Antigen-capture enzyme-linked immunosorbent assay (ELISA) testing, IgM-capture ELISA, polymerase chain reaction (PCR), and virus isolation can be used to confirm a case of Marburg hemorrhagic fever within a few days of the onset of symptoms. The IgG-capture ELISA is appropriate for testing persons later in the course of disease or after recovery. The disease is readily diagnosed by immunohistochemistry, virus isolation, or PCR of blood or tissue specimens from deceased patients.

As of 2007, there is no vaccine, and a specific treatment for this disease is unknown. However, supportive hospital therapy should be utilized.
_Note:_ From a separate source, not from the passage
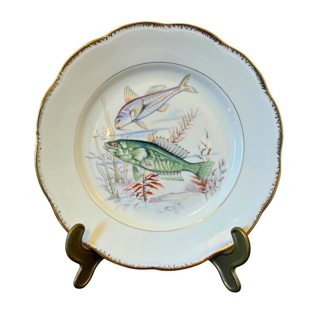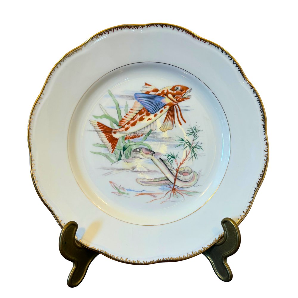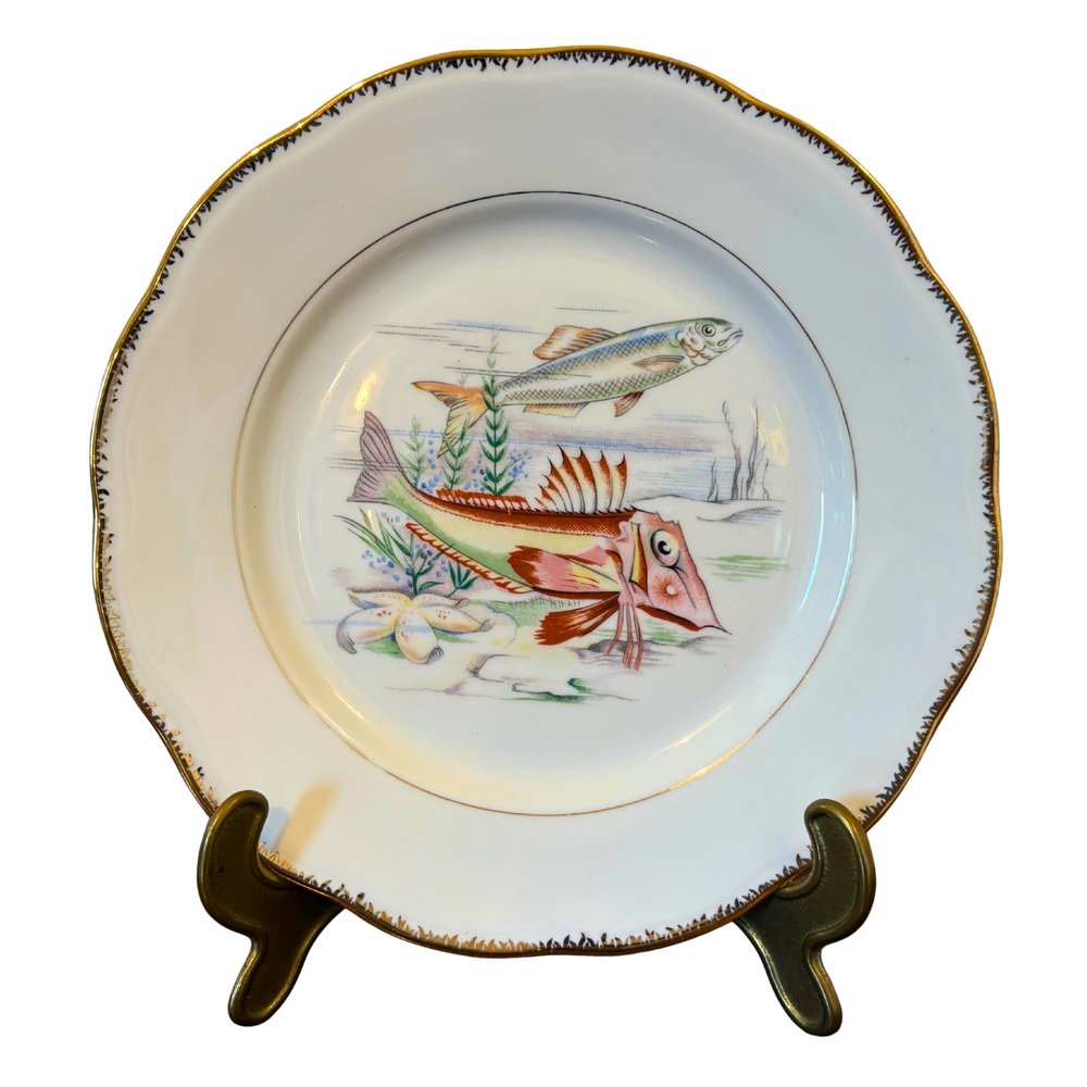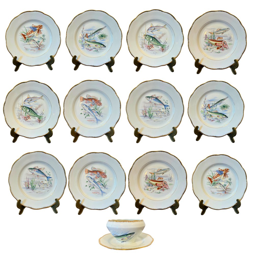Mid-Century Modern Hand-Painted Fish Service by S.F.P. for Limoges, 1950, Set of 13

This includes balancing the patient's fluids and electrolytes, maintaining their oxygen status and blood pressure, replacing lost blood and clotting factors and treating them for any complicating infections. Sometimes treatment also has used transfusion of fresh-frozen plasma and other preparations to replace the blood proteins important in clotting. One controversial treatment is the use of heparin (which blocks clotting) to prevent the consumption of clotting factors. Some researchers believe the consumption of clotting factors is part of the disease process.